With temperatures from 25oC to 34oC on a normal day[1], there is no doubt that Malaysia is a hot country. Living near the equator, Malaysians have grown up, putting up with either being too hot or too humid. It’s literally rain or shine.

But in recent years, Malaysia has gotten warmer. Upon further investigation, a land temperature study revealed that several cities showed temperature rises between 1.64°C – 6.75°C over the last few decades[2]. These cities included Bayan Lepas (Penang), George Town (Penang), Ipoh (Perak), Johor Bahru (Johor) and Kuala Lumpur. What this means is, before long, Malaysia’s temperature will reach a point of unbearable heat.

There are already signs of this happening. 

Source: Eco Business

Early in 2021, Malaysia’s Meteorology Department (MET Malaysia), announced that seven areas in Peninsular Malaysia had recorded yellow (alert) heatwaves. Yellow level refers to a daily maximum temperature of 35 to 37oC for at least three consecutive days[3]. The affected areas were Chuping (Perlis), Kota Star, (Kedah), Kuala Kangsar (Perak), Sepang, (Selangor); Alor Gajah, (Melaka), Tangkak (Johor) and Batu Pahat (Johor)[3].

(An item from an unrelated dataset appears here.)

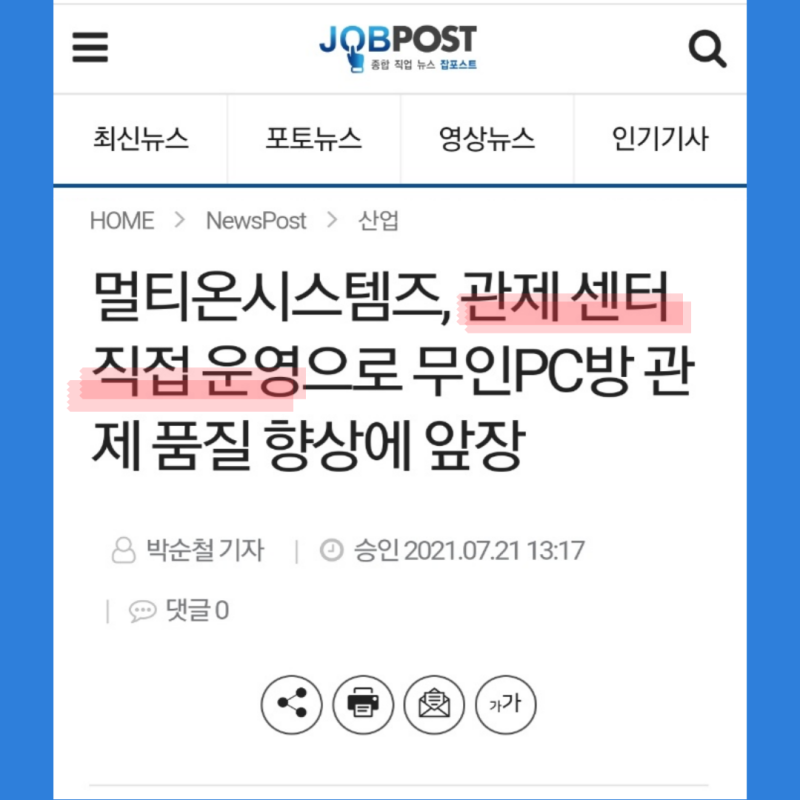 잡포스트 박순철 기자 무인 관제 업체 멀티온시스템즈는 본사에서 관제 센터를 구축하고 직접 운영함으로써 무인 PC방 관제에 대한 불신을 해소하고 무인 관제의 품질 향상에 앞장설 것이라고 20일 밝혔다 멀티온시스템즈는 본사에 중앙 관제 시스템을 갖추고 전국에 있는 피시방을 실시간으로 원격 관리하는 무인 관제 업체다 주목할 만한 점은 관제센터를 외주 회사에 위탁하지 않고 본사에 구축하여 직접 관제를 진행하고 있으며 모든 직원을 정규직으로 채용함으로써 관제에 임하는 책임감을 높이고 숙련도와 전문성을 향상시켜 차별화된 관제 서비스를 제공하고 있다는 것이다 동시에 사고 재발 방지를 위한 관제 교육을 매주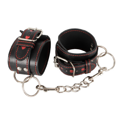 The leather-look of the handcuffs is decorated with red stitching and small, punched out red hearts, ensuring endless seduction and excitement. There is also a practical buckle for easily cuffing your partner into submission. The short connection chain with snap hooks will restrict the wearer’s hands and satisfy the BDSM enthusiast's lust for bondage.

Who Is Most Affected By Hot Weather? 

As Malaysia forges forward towards urban development, a large portion of the nation’s workforce is those involved in blue-collar careers or jobs out in the sun[4]. Blue-collar jobs are defined as careers that require low-skilled or specific semi-skilled trades such as those who engage in hard manual labour, typically agriculture, manufacturing, construction, mining, or maintenance[4]. Other known careers include fishermen, construction workers and the increasing army of delivery runners. These jobs entail long hours of hard labour under the mercy of the sun, leaving the workers extremely vulnerable to heat-related illnesses, for a small paycheck. These health risks are much more than just a bad sunburn.

Source: PBC Today

While white-collar workers are well acquainted with stress at work, blue-collar workers experience heat stress, a condition caused by exposure to extreme heat. It occurs when the body is unable to maintain a healthy temperature in response to a hot environment. Workers who develop heat stress are constantly exposed to high temperatures and they typically have long shifts and may be either ill-equipped or inadequately trained by their employers to recognise this illness to take preventative measures[5].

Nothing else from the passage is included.